There may also be ways to rethink processes to support distancing. For example, can a factory layout be rearranged so that workstations are farther apart? Can a task be rethought to avoid the need for two people working on it simultaneously? In many cases, the answer will be yes. For those when it isn’t – such as with a heavy cable lift that requires two people working closely – it’s crucial that staff are given the right PPE and that time in proximity is minimised and strict separation established immediately upon completion.

Beyond the factory floor

Of course, not all staff will have roles that are 100 per cent factory or site based, or 100 per cent office based.

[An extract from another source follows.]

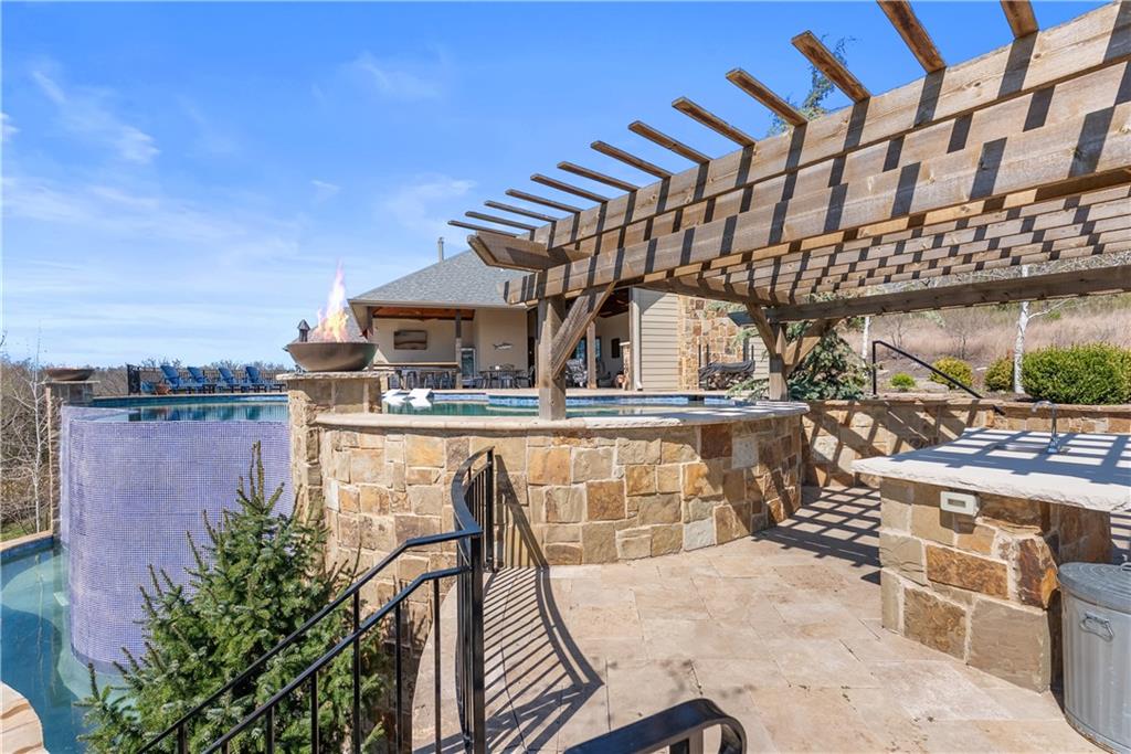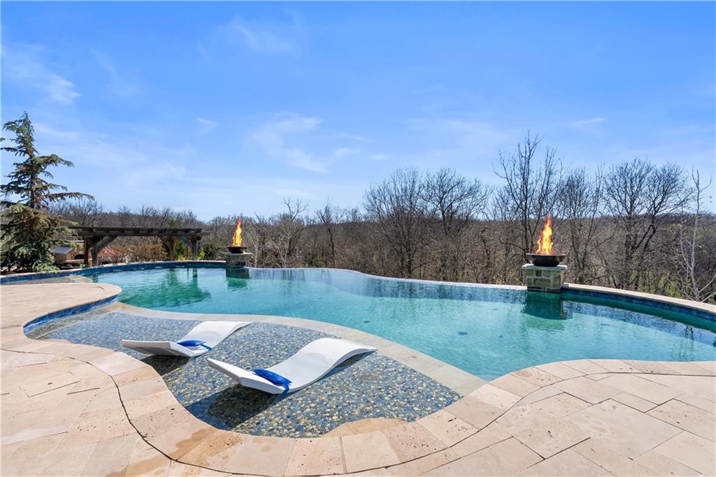 Dreams truly come alive in this one-of-a-kind custom Reverse 1.5 Story estate nestled on 9+ breathtaking acres in unincorporated Jackson County within the Lee’s Summit School District. This private retreat offers unmatched craftsmanship, panoramic treetop views & resort-level amenities that cannot be replicated. A grand front porch w/stone accents & custom doors welcomes you into a stunning interior featuring soaring 12-foot ceilings on both levels & architectural detail throughout. The main level showcases a dramatic living area w/west-facing views and a chef’s kitchen designed for everyday luxury and entertaining—complete with oversized island, custom shelving, walk-in pantry, double refrigerator/freezer combo, & oversized gas range. Light filled dining space, coffee bar-perfect for morning routines. The primary suite is a private sanctuary w/direct access to the covered patio for seamless indoor/outdoor living. The spa inspired bath features dual vanities,deep soaker tub, walk-in shower, & a generous walk-in closet w/custom built-ins. A main-level den (or 2nd bdrm) & convenient laundry complete the layout. The finished lower level is an entertainer’s dream featuring an oversized golf simulator & projector ,full wet bar, media/rec space, pool table area, exercise room w/sauna, & 2 additional bedroom suites each w/private baths & walk-in closets. A suspended garage provides rare lower-level 4th garage access—ideal for workshop, car collection, or storage. And then…This resort-caliber setting rivals luxury destinations. The vaulted covered patio w/stone FP creates year-round ambiance. Step outside to a spectacular infinity-edge pool with swim-up bar, tanning ledge, outdoor kitchen, & unobstructed treetop views offering 100% privacy. Entertain in your custom silo bar, practice on the putting green, unwind beside three cascading rock waterfalls surrounded by professional landscaping & custom exterior lighting. A signature property offering an unmatched lifestyle.

So, are there new processes or technologies that can be adopted to shift the ratio and allow more tasks to be done remotely – as with the FAT inspection?

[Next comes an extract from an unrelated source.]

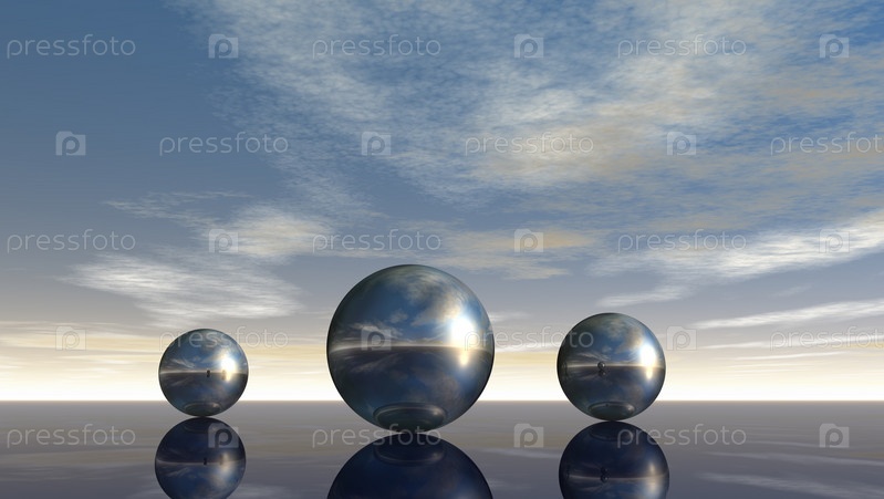 Металлические сферы под облачным небом - 3d иллюстрация

Can communications be approved with clients so that deliveries aren’t clustered, or site-visits coincide with visits from their other suppliers?

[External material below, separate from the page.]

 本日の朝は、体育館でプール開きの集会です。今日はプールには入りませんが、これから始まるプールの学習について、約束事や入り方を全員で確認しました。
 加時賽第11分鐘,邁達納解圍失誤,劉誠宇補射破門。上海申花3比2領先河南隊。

And – though the virus itself is rightly front of mind for us all – none of us can ignore the mental toll that this scenario is having. Mental health must be carefully monitored for both remote and physically-present staff – both for its own sake and so that minds can stay focused on good health and safety practice.

Defining critical

I doubt anyone would disagree that keeping power flowing to our homes, for vital businesses and services right now is essential. Hospitals need power, and you could argue that social distancing is far more likely to succeed if people are able to work and entertain themselves remotely.

However, some might question whether work on tomorrow’s energy projects is critical at the moment. Though COVID-19 introduces many new uncertainties as to what our societies and economies will look like in future, we are ultimately in the midst of several long-term trends, changing how much energy we need, where we need it and how we produce it. Offshore wind farms will continue to be built off the UK coast (and they need to be built before we shut down the coal-fired and other fossil fuel power plants they replace); new sources of hydrocarbons will continue to be needed to replace output from mature North Sea wells. These are tomorrow’s critical energy infrastructure assets, which makes them today’s critical construction and manufacturing projects – all the more reason to do our utmost to keep the sector moving while at the same time keeping our people safe.

At JDR, we are constantly looking for further initiatives and improvements to keep our people safe, while helping our clients work tirelessly to keep the lights on. I hope that some of these thoughts can be of use to others, as we look ahead and ensure we all have the energy we need to continue our fight against Coronavirus and safely re-build our global economy for all of our futures.